A lot of people have been posting about bailout issues. Hell, it is essentially the most important thing happening in our world today.
As some background, one of the reasons that a great many people think government action is necessary is that the problem is potentially that bad. The issue, though, is what the problem is. I could actually blame it all on an accounting rule called "mark to market." But I think that's only part of it.
Mark to market essentially requires banks to list assets (loans) on their balance sheets at the value at which those assets could be sold. When subprime mortgages or other loans that depended in part on the ability to quickly flip collateral started to have repayment problems due to the realization that we jsut don't need that many houses, other banks started not wanting to buy those loans. Normally, one would think "well, then don't buy those loans." But then they bundled all sorts of loans together, split them up (so that anyone buying is actually buying a 100th of each loan or an interest in the pool of loans as a whole), and sold that. Now, each loan was no longer identifiable.
Thus, the problem started to be that there was no market for any type of loan. As demand to buy loans on the "secondary market" slacked, prices went down (look at your demand curves). When prices go down, each of the banks has to say taht their assets are worth less.
Now, we have shrinking assets on paper, even if there is no indication that the income streams and future value of those assets will not be the full amount they were previously valued at. On a blanace sheet, shrinking assets also means shrinking equity/capital: assets = liabilities + equity. When liabilities get to be more than assets, a company is deemed insolvent. bankrupt. on paper.
So, under the accounting rules, when no one wants to buy something for a short time because they're afraid of it, the business goes under, even if the business is not depending on the sale to stay afloat.
So, there's that. But what is the real problem that started all of it? And what's the problem that makes it so that the problems perpetuate?

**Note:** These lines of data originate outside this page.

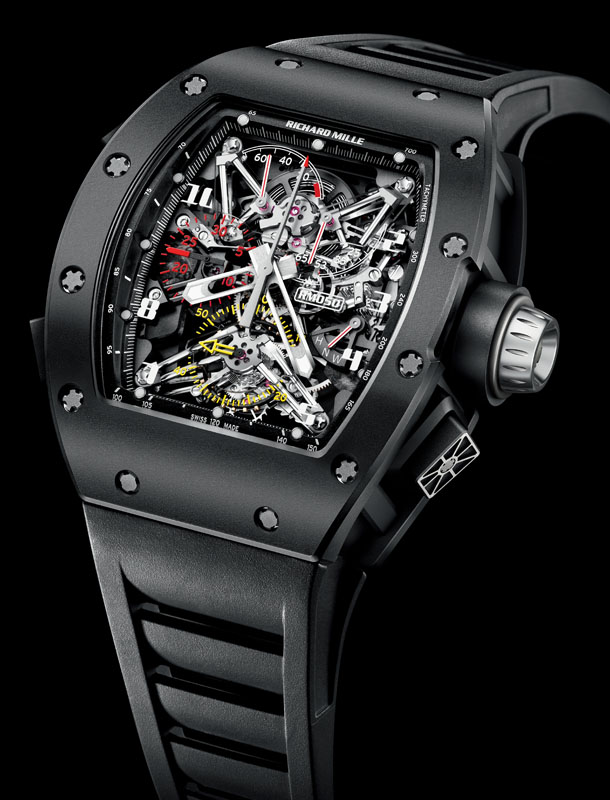 Znana z awangardowych rozwiązań marka Richard Mille wciąż zaskakuje. Oprócz nowej wersji modelu RM 050 Felipe Massa pojawia się także niezwykły zegarek: RM 056 Felipe Massa. Pierwszy z nich jest nową edycją bardzo skomplikowanego RM 008, w którym zmodyfikowano wzornictwo oraz zmieniono wygląd mostków. Oprócz charakterystycznych dla marki Richard Mille nowoczesnych materiałów, zegarek może pochwalić się różnymi funkcjami dodatkowymi: oprócz tourbillonu, ma podwójny stoper, wskazanie rezerwy chodu i momentu obrotowego, a także wskaźnik informujący o tym, w jakim trybie znajduje się aktualnie koronka: neutralnym, gotowym do nakręcania czy tym, w którym przestawiane są wskazówki. RM 050 oferowany jest w krótkiej, limitowanej serii 10 egzemplarzy. Jest bardzo lekki, ponieważ jego koperta wykonana została z mikroskopijnie małych rurek z włókna węglowego. Poza tym niezwykłym czasomierzem firma Richard Mille przygotowała jeszcze jedną niespodziankę, czyli model RM 056 Felipe Massa, którego koperta w całości wykonana została z szafirowego szkła. Jak podaje producent, jeden z dostawców oferujący tę oryginalną obudowę potrzebował aż 1000 godzin, aby ją wykonać. Dlatego nie dziwi fakt, że RM 056 dostępny jest tylko w pięciu egzemplarzach.
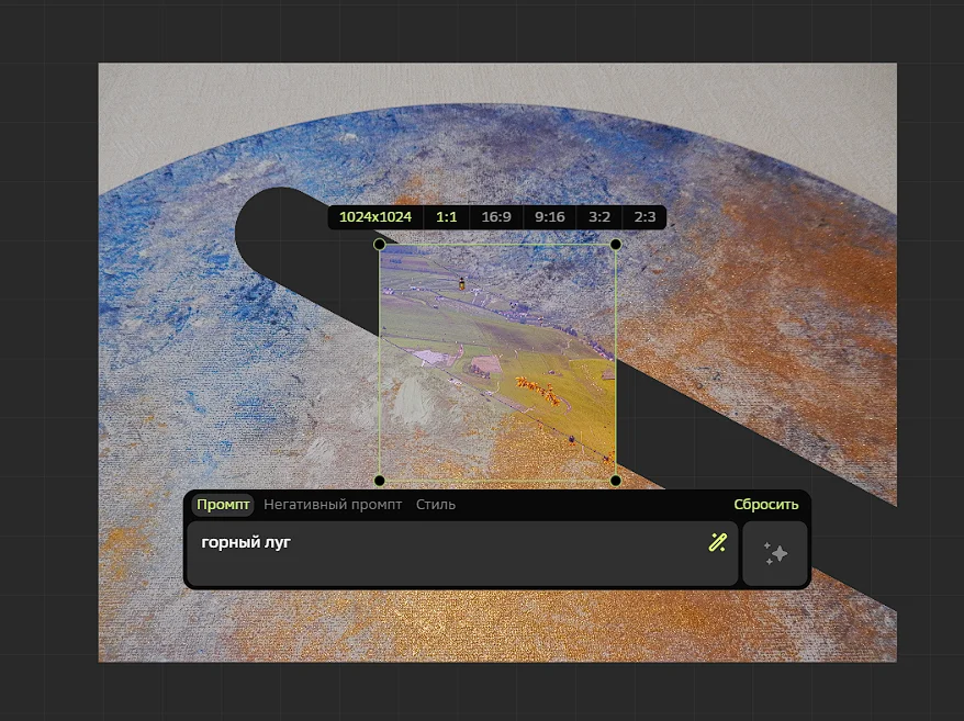 Ластик. С ним можно стереть лишнюю деталь или «замазать» это место с помощью промпта. Мы взяли фотографию с абстрактной живописью и просто провели ластиком полоску. Затем расположили область для генерации поверх кадра и получили заполнение.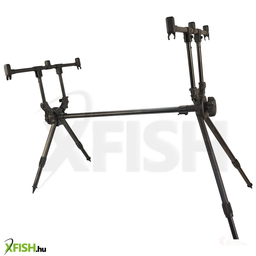 A The One Fast Series Rod Pod nevéből egyértelműen kiderül, hogy egy egyszerű, praktikus és gyorsan felállítható, valamint összecsukható rod pod-ról van szó. 3 botos változatban elérhető, ezért kis helyet foglal és nem kell minden horgászat végén teljesen szétszedni, majd a következő horgászat alkalmával összerakni. Az elöl és hátul lévő rögzítők kitekerésével a lábak a helyükre kerülnek, ezután már csak rögzíteni kell őket a rögzítő visszatekerésével. A buzz bart egyszerűen egy csatos rögzítési módszerrel lehet a helyére tenni, magassága állítható. Középen kihúzható, így hosszabb botokat is biztonsággal használhatunk vele. Az első és hátsó lábak magassága állítható, ezáltal a terepviszonyoknak megfelelően stabilan tudjuk felállítani akár nehezebb terepen is.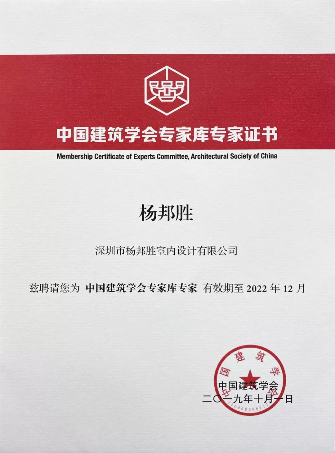 ▲ 中國建筑學會專家庫專家證書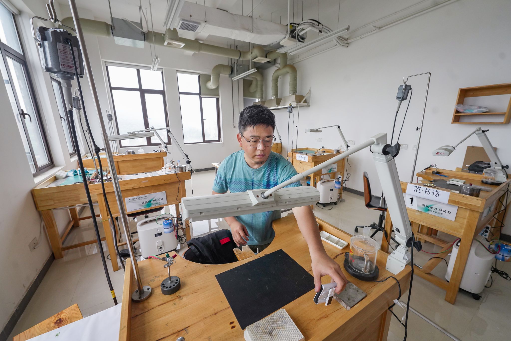 實(shí)驗(yàn)室安全是一切工作根本。由于珠寶專(zhuān)業(yè)的特殊性(高危險(xiǎn)設(shè)備,軋機(jī),壓片機(jī),卷輪機(jī),天然氣,各類(lèi)化學(xué),腐蝕性酸液),每逢國(guó)家、省市級(jí)或者學(xué)校開(kāi)展的實(shí)驗(yàn)安全檢查,首飾系實(shí)驗(yàn)室是必定檢查的基層單位。任開(kāi)作為分管實(shí)驗(yàn)室安全的系副主任,堅(jiān)持每年舉辦兩次全院師生的集體安全教育。在平時(shí)工藝實(shí)踐課程中以身作則,除了開(kāi)展正常的專(zhuān)業(yè)知識(shí)、講授制作實(shí)踐外,時(shí)刻關(guān)注課堂上20多名學(xué)生的安全操作,尤其是當(dāng)學(xué)生用天然氣等高危設(shè)備時(shí)都格外關(guān)注。到目前為止,任開(kāi)每年200多課時(shí)的專(zhuān)業(yè)實(shí)踐課,沒(méi)有發(fā)生一起學(xué)生受傷事故。在任開(kāi)分管實(shí)驗(yàn)室的兩年多時(shí)間中,負(fù)責(zé)起草編制、修改優(yōu)化的實(shí)驗(yàn)室安全管理辦法100余條。通過(guò)對(duì)涉及2000平方米的實(shí)驗(yàn)室實(shí)行劃分區(qū)塊、落實(shí)分工、責(zé)任到人的管理體系,珠寶學(xué)院首飾系數(shù)次被評(píng)為校級(jí)實(shí)驗(yàn)室管理優(yōu)秀。
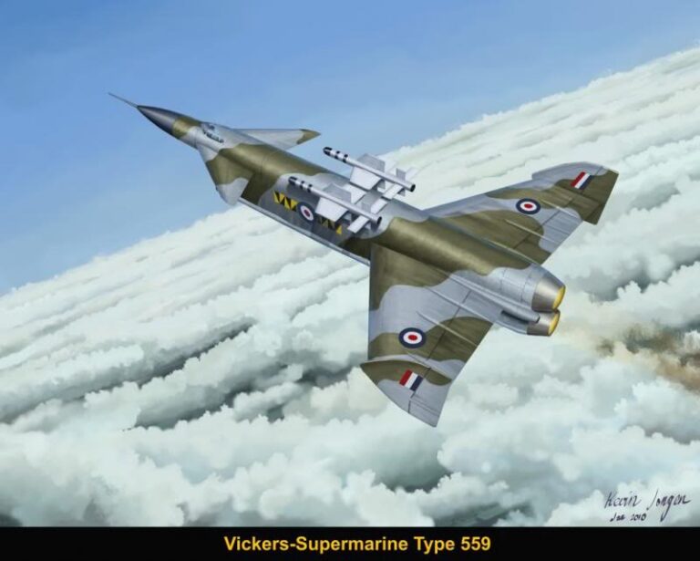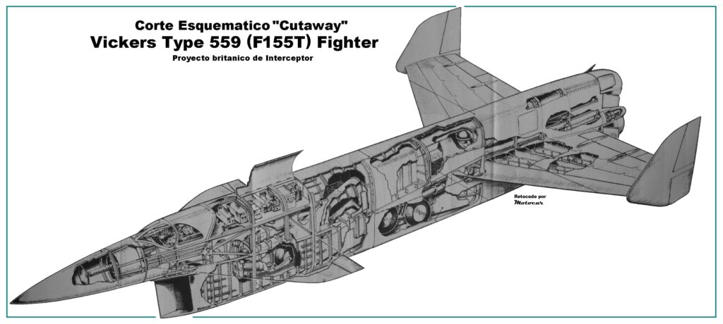 Η Vickers-Armstrongs με το σχεδιαστικό γραφείο αεροναυπηγικής της, τη Supermarine -που απέδωσε το θρύλο του Spitfire- παρουσίασε το ιδιαίτερα ριζοσπαστικό σχέδιο Type 559: με μεγάλα πτερύγια Canard κοντά στο ρύγχος, ευρύχωρη εισαγωγή αέρος στο κάτω μέρος της ατράκτου που τροφοδοτούσε δύο κινητήρες de Havilland Gyron, ώσης 27 χιλιάδων λιβρών με μετάκαυση, ο ένας πάνω από τον άλλο (σχέδιο που θα ξαναβλέπαμε λίγα χρόνια αργότερα στο μαχητικό English Electric Lightning), και μικρού εκπετάσματος πτέρυγες τύπου Δέλτα με πτερύγια διεύθυνσης στο άκρο τους και χωρίς ουραίο σταθερό! Επιπλέον αυτών, το σχέδιο προέβλεπε και δύο πυραυλοπροωθητές de Havilland Spectre, των 5.000 λιβρών ώσης, εκατέρωθεν της ατράκτου.

I again come to value in value. I come to reality. And here's the kicker. Each of us is the problem.
I've had people say to me in the past week the following:
- that they are planning to stop paying their mortgage so that they can get a workout deal from the bank to pay the bank less, since the banks don't want to take a loss on the mortgage as a whole;
- that they are thinking about quitting working for a living, since it appears to be too hard to and then they have to pay taxes, so they might as well see if they can't get disabled somehow.
I know that there are people out there who have said, "where's my bailout?" I know that people continue to say that they are worth more, and have thought that they would also be willing to take too much money for doing a job, just because someone else also got that much money. I might be guilty of that one as well.
Here's the problem more commonly, via Calvin and Hobbes:
http://gregmankiw.blogspot.com/2009/02/classic-calvin.html So what do we do? Stop the thoughts of entitlement. Profit motive? Yes. Good. But stop trying to get away with something. It's not a race to win by getting the most stuff or having the highest number. Rather, it's a race to win by doing the best job you can, being honorable, living a good life.
I know some cowboys out there who might agree, and we know all sorts of people who live by this. But I don't hear people blaming others for it.
And really, others will only change if there's a stick to it. A great many people will only control those impulses when controlled by the scorn of society. And a loud, value based movement toward behavior based on value, responsilibity, and reality.
Yes, it all relates. See prior posts on the subject.